It didn't really matter if the old owner was around to support. Productivity plummeted with every project. It was as if every owner of every project had left the team every quarter.

Now I'm more convinced than ever that it's better to pay the price of an owner leaving if and when it happens, rather than try to prevent or mitigate that risk up front. The productivity costs are far too high for most software products.


Sorry to say that, but it sounds like you got it backwards. The idea is not to remove the owner from the project, but to always have at least two people working on any project at the same time. Instead of 2 devs working for 2 months each on their own project, put them together on the first project for a month, then on the other project for the second month (simplified example, of course). They both work on their own tasks, but because they are familiar with the code and the project, they can review each others changes.

In my experience this works great. Context switching is a problem, but there are ways to minimize the impact (similar tech stacks, good work organization, clearly defined priorities,...).


With strict deadlines and OKRs to hit it wasn't really feasible for people to double up on projects.

> Instead of 2 devs working for 2 months each on their own project, put them together on the first project for a month, then on the other project for the second month (simplified example, of course).

We did try this and it sounds good in theory but as the old saying goes 'two women can't have a baby in 4.5 months'.

In my experience (in this particular team and org) it would've simply been better to invest some time into documentation and suffer a short drop in productivity on a project when owners left.


I'm sorry to hear you couldn't make it work, but I can assure you that this approach works in practice. You don't get a child in 4.5 months, but you can get 2 children in 9 months.
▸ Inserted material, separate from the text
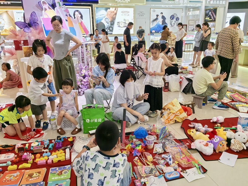 7月19日晚,池州購(gòu)物中心一樓小中庭化身為充滿(mǎn)童趣與環(huán)保理念的“小小創(chuàng)業(yè)天地”。一場(chǎng)別開(kāi)生面的親子集市在這里熱鬧開(kāi)市,十幾個(gè)家庭的小攤主們帶著精心準(zhǔn)備的閑置玩具、書(shū)籍、文具等“舊寶貝”,開(kāi)啟了一場(chǎng)以物換物、愛(ài)心義賣(mài)的有趣社會(huì)實(shí)踐。

I agree that not all environments are good at managing developers though (and that is probably a huge understatement).


> strict deadlines and OKRs

Simply said, that deadlines and OKRs don't account for bus factor.


Before the developer gets hit by the bus, it is cheaper to only have one developer on the project. For many managers, the economical analysis seems to end at this point.


Robustness and efficiency are fundamentally enemies, right? Unfortunately this means that the 'best' solution is often the least robust one that survives.


correct. Risk aversions most of the time are expensive. And it's always management's decision to take the risks and cheapen out or avert the risks.


It kind of depends on how exactly the sharing mechanism works.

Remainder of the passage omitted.